What you are asked to do: Exclude the pictures, then copy word for word the lines running from the beginning of the records through the line with "puente General Belgrano".

── Study material

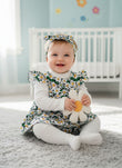 5 pc set Dark Green White Yellow Daisy Baby Dress Set with Bloomers
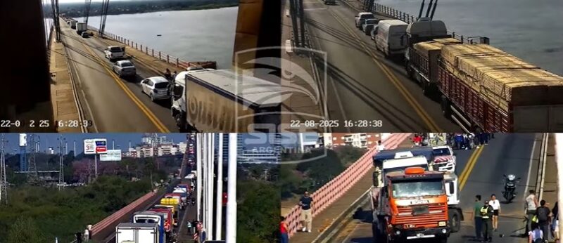 Portada » Choque entre camiones generó demoras en el puente General Belgrano
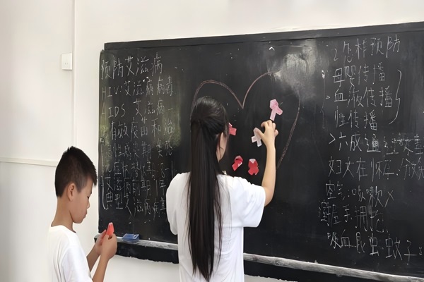 值得一提的是,為了讓學(xué)生親身體驗(yàn)參與預(yù)防艾滋病的過(guò)程,志愿者組織學(xué)生制作象征艾滋病防治的紅絲帶。盡管面臨物資限制,學(xué)生們利用紅紙精心制作紅絲帶,對(duì)此活動(dòng)表現(xiàn)出了極高的參與熱情。活動(dòng)后期,孩子們親手將自己制作的紅絲帶粘貼在教室黑板上繪畫(huà)的愛(ài)心圖案中。一方面這一舉動(dòng)體現(xiàn)了他們對(duì)艾滋病的深刻理解與關(guān)注,展現(xiàn)了他們關(guān)愛(ài)他人、尤其是艾滋病毒感染者和患者的溫暖情懷。這反映了孩子們?cè)谇楦信c認(rèn)知上的成長(zhǎng),通過(guò)實(shí)際行動(dòng)傳遞了對(duì)受影響群體的支持與接納,同時(shí)也增強(qiáng)了孩子們的社會(huì)歸屬感和自我價(jià)值認(rèn)同。另一方面志愿者希望通過(guò)這次活動(dòng)深入普及艾滋病防治意識(shí)和深切關(guān)懷弱勢(shì)群體。通過(guò)這樣的互動(dòng),志愿者們用自己的行動(dòng)示范了社會(huì)責(zé)任感,同時(shí)也為孩子們樹(shù)立了正面的榜樣,讓他們?cè)趯?shí)踐中學(xué)會(huì)尊重生命、關(guān)愛(ài)他人,進(jìn)而促進(jìn)了整個(gè)社會(huì)對(duì)艾滋病感染者和病人的接納和支持。
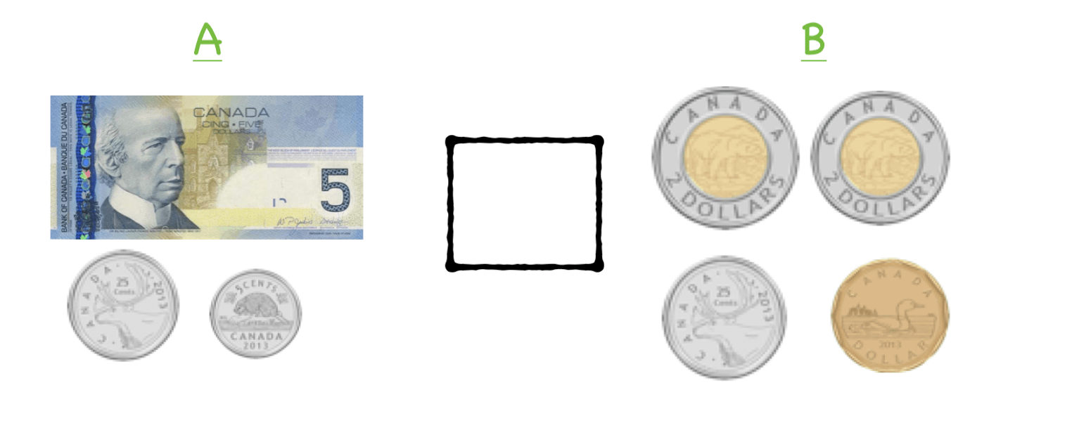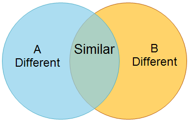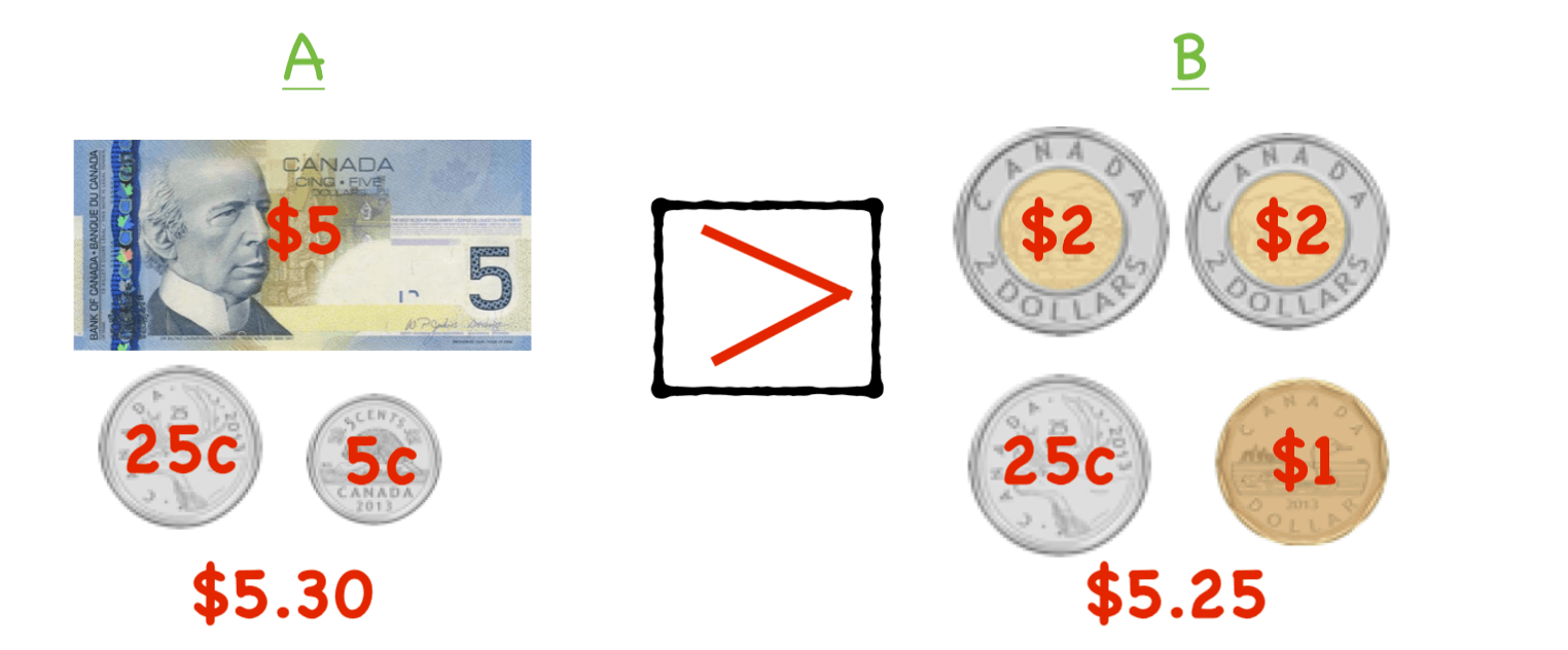 Is "A" greater than (>), less than (<), or equal to "B"?
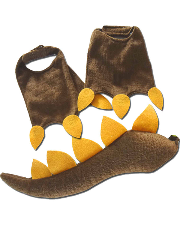 Help your little one become a dinosaur with the Kids Brown Dinosaur Feet and Tail Set. The set makes for a wonderful starting point for finishing up your son's or daughter's dinosaur costume! Features a soft brown plush tail with yellow spines with an attached elastic waist strap and a pair of soft brown Dino shoe covers with large yellow nails and velcro tab closure.
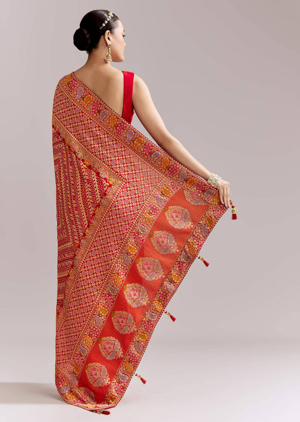 Red Dola Silk Handloom Banarasi Brocade Saree With Floral Jaal
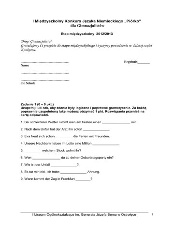 I Międzyszkolny Konkurs Języka Niemieckiego „Piórko” dla Gimnazjalistów Etap międzyszkolny 2012/2013 Drogi Gimnazjalisto! Gratulujemy Ci przejścia do etapu międzyszkolnego i życzymy powodzenia w dalszej części Konkursu! ......................................................... Name Ergebnis_______ .......................................................... .......................................................... die Schule Zadanie 1 (0 – 9 pkt.) Uzupełnij luki tak, aby zdania były logiczne i poprawne gramatycznie. Za każdą poprawnie uzupełnioną lukę możesz otrzymać 1 pkt. Rozwiązania przenieś na kartę odpowiedzi. 1. Bei schlechtem Wetter nimmt man am besten einen _______________ mit. 2. Nach dem Unfall hat der Arzt ihn sofort ______________. 3. Eva freut sich schon _________ die Ferien mit Freunden. 4. Unsere Nachbarn haben im Lotto eine Million ______________. 5. _________ welchem Stock wohnt ihr? 6. Wen _______________ du zu deiner Geburtstagsparty ein? 7. Wie ist der Unfall ______________? 8. Es tut mir leid. Ich habe ______________ Ahnung. 9. Wann kommt der Zug in Frankfurt ________? I Liceum Ogólnokształcące im. Generała Józefa Bema w Ostrołęce 1 Zadanie 2. (0 – 6 pkt.) Połącz pytania lub stwierdzenia z pasującymi do nich reakcjami. Za każde poprawne rozwiązanie otrzymasz 1 punkt. Rozwiązania przenieś na kartę odpowiedzi. 1. 2. 3. 4. 5. 6. Maria findet die neue Schülerin A unsympathisch. Und du? Ich kann Joachim nicht finden. Hast du B. eine Ahnung, wo er ist? Kennst du ihn persönlich? C. D. Warum kommst du so spät nach Hause? E. Passen dir die Schuhe? Wollen Sie nicht Ihren Mantel ablegen? F. 1 2 3 Nein, wir haben nur miteinander telefoniert. Ich habe in der Stadt einen alten Freund getroffen. Nein danke, ich muss gleich wieder gehen. Ich mag sie auch nicht. Ich habe sie noch nicht anprobiert. Es ist denkbar, dass er schon nach Hause gegangen ist. 4 5 6 Zadanie 3. (0 – 8 pkt.) Uzupełnij luki w tekście zakreślając jedną z podanych możliwości (A, B lub C). Zaznacz rozwiązanie. Za każde poprawne rozwiązanie otrzymasz 1 punkt. Rozwiązania przenieś na kartę odpowiedzi. Elena hat heute Nachmittag in der Stadt (1.) ____________Einkaufsbummel gemacht. Zuerst hat sie eine rote Hose anprobiert. Die rote Hose war aber zu klein. Die Verkäuferin hat ihr auch eine Winterjacke gezeigt. Die hat Elena aber gar nicht gut (2.) ___________. Sie hat sie also nicht genommen. In ihrem Lieblingsgeschäft hat sie einen (3.) ________ Pullover gesehen. Aber er war viel zu groß. (4.) __________ hat sie eine schwarze Jeans anprobiert. Leider war die Hose in (5.) __________ 28 zu klein. Eine größere hatte das Geschäft nur noch (6.) __________ Weiß. Das findet Elena für den Winter zu hell. Endlich hat Elena eine schicke Jacke gefunden. Diese war aber sehr (7.) ___________, sie hat 350 Euro gekostet! Elena hat nichts gekauft und ist unzufrieden wieder (8.) __________ Hause gegangen. A einem gesehen tolle Danach Höhe in kostenlos nach 1 2 3 4 5 6 7 8 1 2 3 B einen getragen tolles Zuerst Größe in der nett zu 4 5 C einer gefallen tollen Damit Modell im teuer in 6 7 8 I Liceum Ogólnokształcące im. Generała Józefa Bema w Ostrołęce 2 Zadanie 4. (0 – 5 pkt.) Połącz pasujące do siebie wyrażenia(1 - 5) i czasowniki (A - H). Trzy czasowniki są zbędne i nie pasują do żadnego wyrażenia. Za każde poprawne przyporządkowanie otrzymasz 1 punkt. Rozwiązania przenieś na kartę odpowiedzi. 1. 2. 3. 4. 5. 1 E-Mails Sport den Geburtstag den Zug um 8 Uhr nachmittags Freunde 2 3 4 A. B. C. D. E. F. G. H. üben besuchen nehmen zahlen treiben verschicken feiern spielen 5 Zadanie 5. (0 – 10 pkt.) Które uzupełnienie lub dokończenie zdania pasuje? Wybierz jedną z trzech podanych możliwości (A, B lub C). Rozwiązanie wpisz do tabeli. Za każde poprawne rozwiązanie otrzymasz 1 punkt. 1. Der Lehrer zeigt ______________ einen Film. A. der Schüler B. den Schülern C. die Schüler 2. Der Opa schenkt _____________ein Fahrrad. A. ihm B. ihn C. es 3. Was kann der Onkel nicht finden? - _________ Brille. A. Ihre B. Dein C. Seine 4. Meine Katze ist jung, aber deine ist noch ___________. A. jünger B. jung C. am jüngsten 5. Du bist erkältet. Gehst du heute __________ Arzt? A. auf B. nach C. zum I Liceum Ogólnokształcące im. Generała Józefa Bema w Ostrołęce 3 6. A. B. C. Kinder, __________ euch die Hände vor dem Essen. wasch wascht wäscht 7. A. B. C. Lars kommt heute nicht, __________ er hatte einen Unfall. weil deshalb denn 8. A. B. C. Wir müssen ___________ unbedingt treffen! mich sich uns 9. A. B. C. Frage den Mann _________ dem Weg zum Bahnhof. über nach von 10. ___________ gibst du diese CD? – Meiner Mutter. A. Wer B. Wen C. Wem Zadanie 6 (0 – 8 pkt.) Zaznacz poprawne uzupełnienia zdań zakreślając literę a, b lub c. Za każde poprawne zaznaczenie otrzymasz 1 punkt. Rozwiązania przenieś na kartę odpowiedz 1. Das ist …………… Nummer von der Touristeninformation. a. der b. die c. das 2. ……………. soll ich das wissen? a. Wohin b. Woher c. Woraus 3. ………………. es heiβ war, hatte er einen Pulli an. a. Obwohl b. Trotzdem c. Denn 4. Gestern ……………. sie bis zehn Uhr abends. a. arbeitete b. arbeitetet c. arbeitet 5. Katja, nimm bitte die CD …………….. ! a. aus b. heraus c. her 6. Anke schenkt ihrer best………. Freundin ein weiβ……. Plüschtier. a. –en, -es b. –er, -en c. –en, -en 7. Ich habe Bratfisch nicht ………… . a. lieb b. mag c. gern 8. Ich rufe ………….. morgen an. a. dir b. zu dir c. Dich I Liceum Ogólnokształcące im. Generała Józefa Bema w Ostrołęce 4 .............../ 46 I Liceum Ogólnokształcące im. Generała Józefa Bema w Ostrołęce 5 I Liceum Ogólnokształcące im. Generała Józefa Bema w Ostrołęce 6
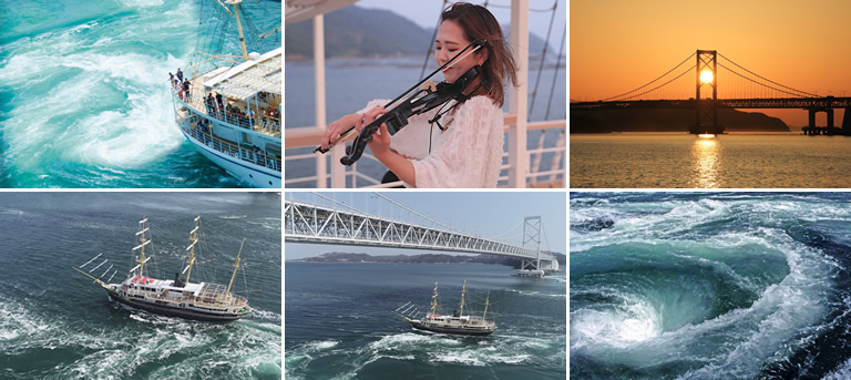 なかでも渦が大きくなる大潮と大渦の日に兵庫デスティネーションキャンペーン特別企画サンセットクルージングを実施し、雄大な大渦とロマンチックなサンセットに包まれる中で、優雅な生演奏が奏でられ、日常から切り放された特別な空間で、特別な体験をしていただくことができます。
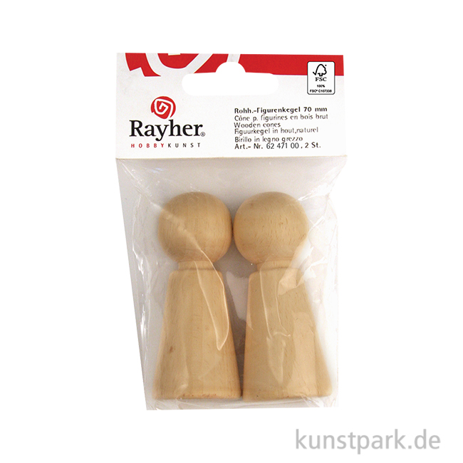 7 cm hohe Figurenkegel aus naturbelassenem Holz zum Selbstgestalten. Erwecke Deine Figuren mit beliebigen Accessoires wie Farben, Wackelaugen, Woll-Haaren und Filz-Kleidung zum Leben. Die Packung enthält 2 Stück.

────

Response to this task:
 5 pc set Dark Green White Yellow Daisy Baby Dress Set with Bloomers
 Portada » Choque entre camiones generó demoras en el puente General Belgrano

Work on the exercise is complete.